Copy exactly the lines from the beginning of the data down to and including the line holding "Tehničke karakteristike: - Snaga: 2000", without any pictures.
[[ Data below open ]]
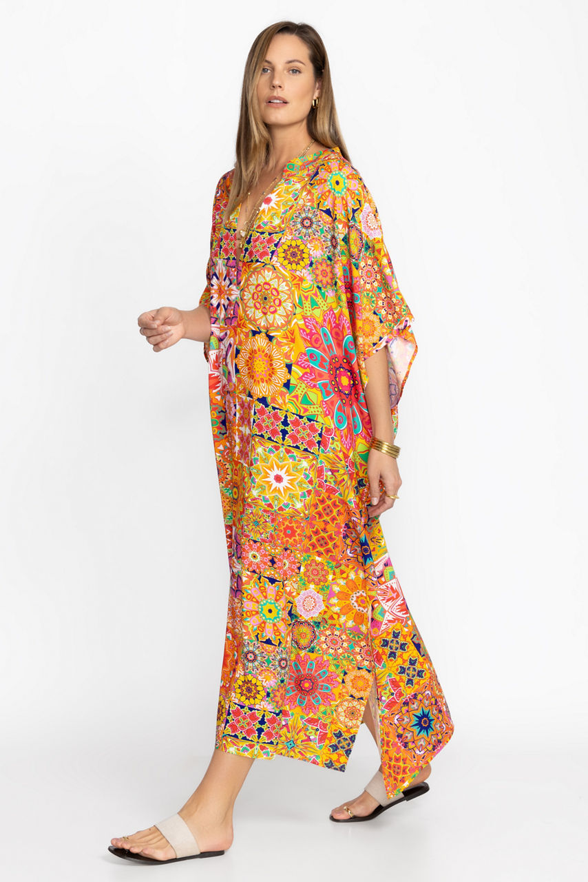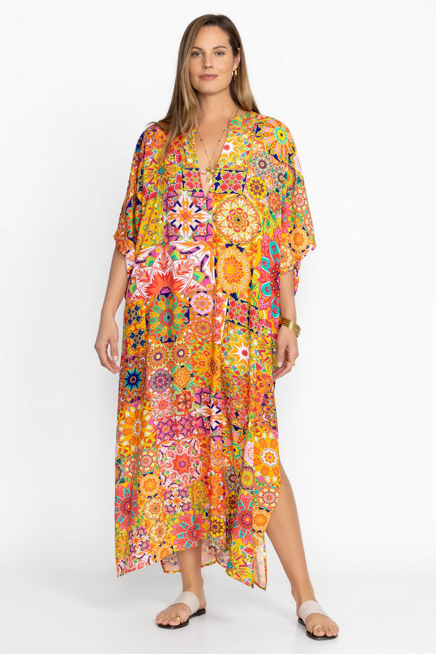 Beautifully detailed with vibrant blooms, the Kaleida Kaftan creates a stunning relaxed silhouette. Thoughtfully designed with a Nehru collar leading to an open V-neckline, this flowing kaftan offers generous sleeves and a maxi length skirt. Layer over Kaleida swimwear and pair with espadrille wedge heels for a polished poolside look.
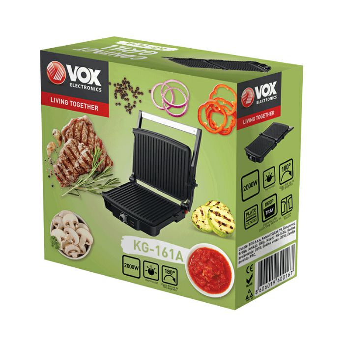Tehničke karakteristike: - Snaga: 2000 W - Dimenzije panela: 24x24 cm - Termostat: omogućuje reguliranje temperature po želji - Non-stick ploče (ploče omogućuju iznimno jednostavno čišćenje) - Ostalo: dodatna posuda za odlaganje preostalog ulja i masti, toplinski izolirana ručka, svjetlosna signalizacija, elegantan dizajn od nehrđajućeg čelika, prostor za odlaganje kabela - Neto težina: 2,1 kg - Bruto težina: 2,5 kg - Dimenzije uređaja (VxŠxD): 11,9 x 33 x 35,1 cm - Dimenzije uređaja u pakiranju (VxŠxD): 16,4 x 38,2 x 38,9 cm
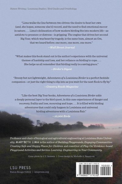 This candid and humorous chronicle shows how one woman goes from casual observer to obsessive bird nerd as she traverses Louisiana's avian paradise. In Adventures of a Louisiana Birder, readers follow Marybeth Lima across her adopted state in search of 300 species of birds. Bisected by the Mississippi flyway and home to 400 miles of coast, Louisiana has a variety of habitats, which serve as a beautiful backdrop to this remarkable journey. In birding circles, some devotees attempt what is known as a "big year," a bird-sighting challenge to identify as many bird species as possible in a particular geographical area over the course of one year. Lima's initial effort amounted to 11,626 miles in sixty-one road trips to log an impressive 280 species. But on a subsequent quest to exceed her record, she endures elusive birds, embarrassing misidentifications, and hungry insects in an effort to reach her goal. In the midst of these obstacles, Lima celebrates the camaraderie and friendly competition among fellow birders, from novices to a world-renown ornithologist. Requiring both mental focus and physical agility, birdwatching becomes an active sport through Lima's narration. She vividly conveys the elation over a rare species seen or heard and the disappointment when one is narrowly missed. An appendix provides the location and date of every species she identifies. Lima's personal experiences are interwoven with the excitement of tracking down one intriguing species after another. She faces a near-fatal burn accident to her spouse, end-of-life care for her mother-in-law, and Louisiana's great flood of 2016. In the midst of these situations, her devotion to birding provides a much-needed outlet. "Somewhere in the roiling confluence of birds, locales, and human personalities," writes Lima, "the center of my heart sings with utter abandon." Adventures of a Louisiana Birder is the author's call to a deeper passion for and awareness of Louisiana's unique natural beauty and vulnerability.
[[ Data below closed ]]
[Output of the exercise]:
 Beautifully detailed with vibrant blooms, the Kaleida Kaftan creates a stunning relaxed silhouette. Thoughtfully designed with a Nehru collar leading to an open V-neckline, this flowing kaftan offers generous sleeves and a maxi length skirt. Layer over Kaleida swimwear and pair with espadrille wedge heels for a polished poolside look.
Tehničke karakteristike: - Snaga: 2000 W - Dimenzije panela: 24x24 cm - Termostat: omogućuje reguliranje temperature po želji - Non-stick ploče (ploče omogućuju iznimno jednostavno čišćenje) - Ostalo: dodatna posuda za odlaganje preostalog ulja i masti, toplinski izolirana ručka, svjetlosna signalizacija, elegantan dizajn od nehrđajućeg čelika, prostor za odlaganje kabela - Neto težina: 2,1 kg - Bruto težina: 2,5 kg - Dimenzije uređaja (VxŠxD): 11,9 x 33 x 35,1 cm - Dimenzije uređaja u pakiranju (VxŠxD): 16,4 x 38,2 x 38,9 cm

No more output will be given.